▶ **INFORMATION SHOWN**
*** Begin section ***
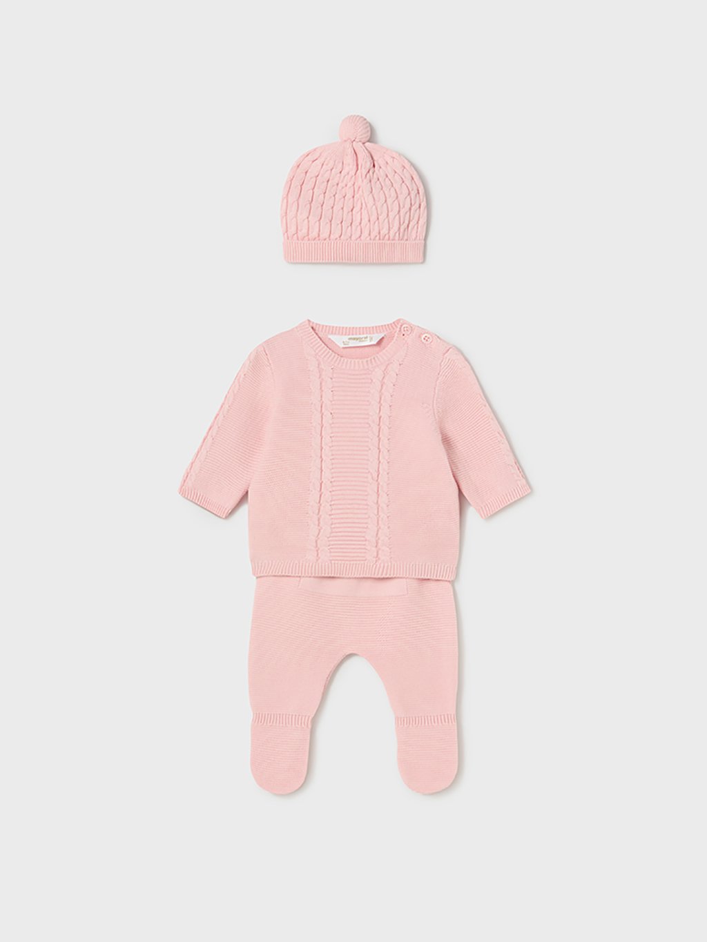 Dívčí pletený komplet polodupaček, svetru a čepice Mayoral
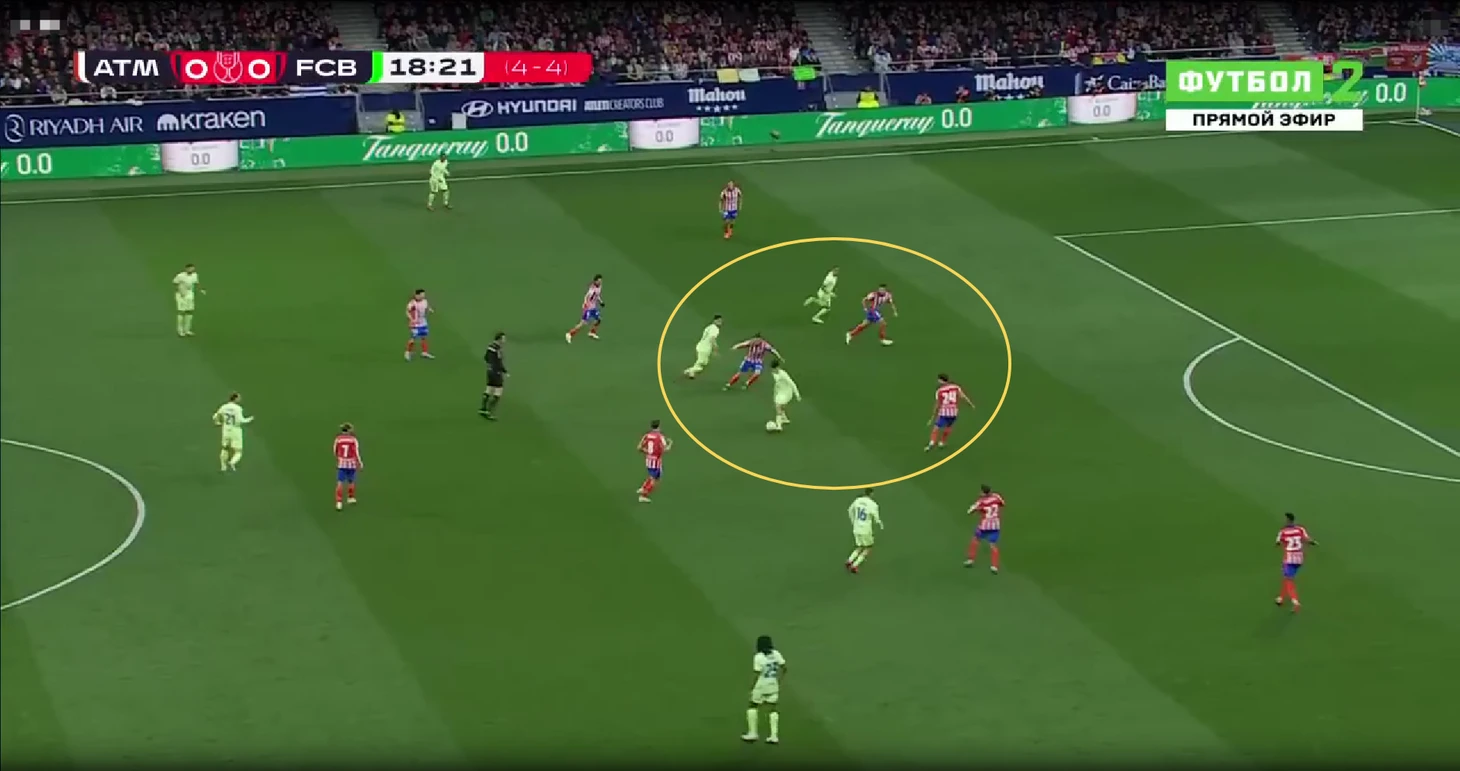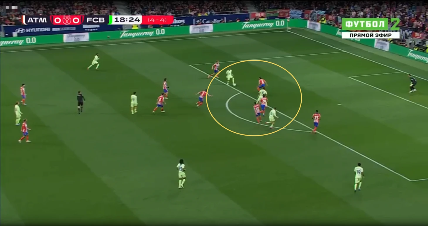 Благодаря этому гости получали возможность активно продвигать мяч через центр. Например, здесь Мартинес получает свободу на мяче из-за пассивности в прессинге «Атлетико».
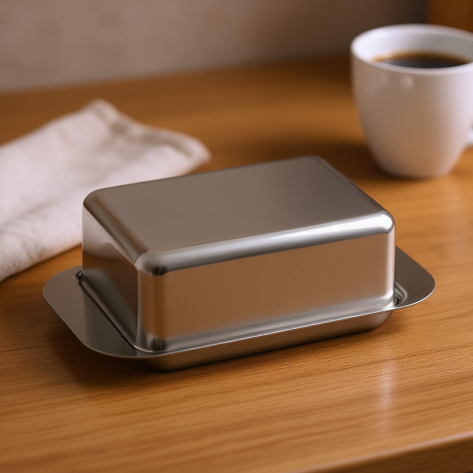 Pot à beurre rectangulaire en acier inoxydable de 125 g avec couvercle pour la conservation du beurre dans la cuisine
*** End section ***
▶ **YOUR ASSIGNMENT**
Retype the line containing "Благодаря этому гости" and all lines after it through the end of the material, exactly and only those, leaving out pictures.

▶ **RESULT FOR THIS TASK**
 Благодаря этому гости получали возможность активно продвигать мяч через центр. Например, здесь Мартинес получает свободу на мяче из-за пассивности в прессинге «Атлетико».
 Pot à beurre rectangulaire en acier inoxydable de 125 g avec couvercle pour la conservation du beurre dans la cuisine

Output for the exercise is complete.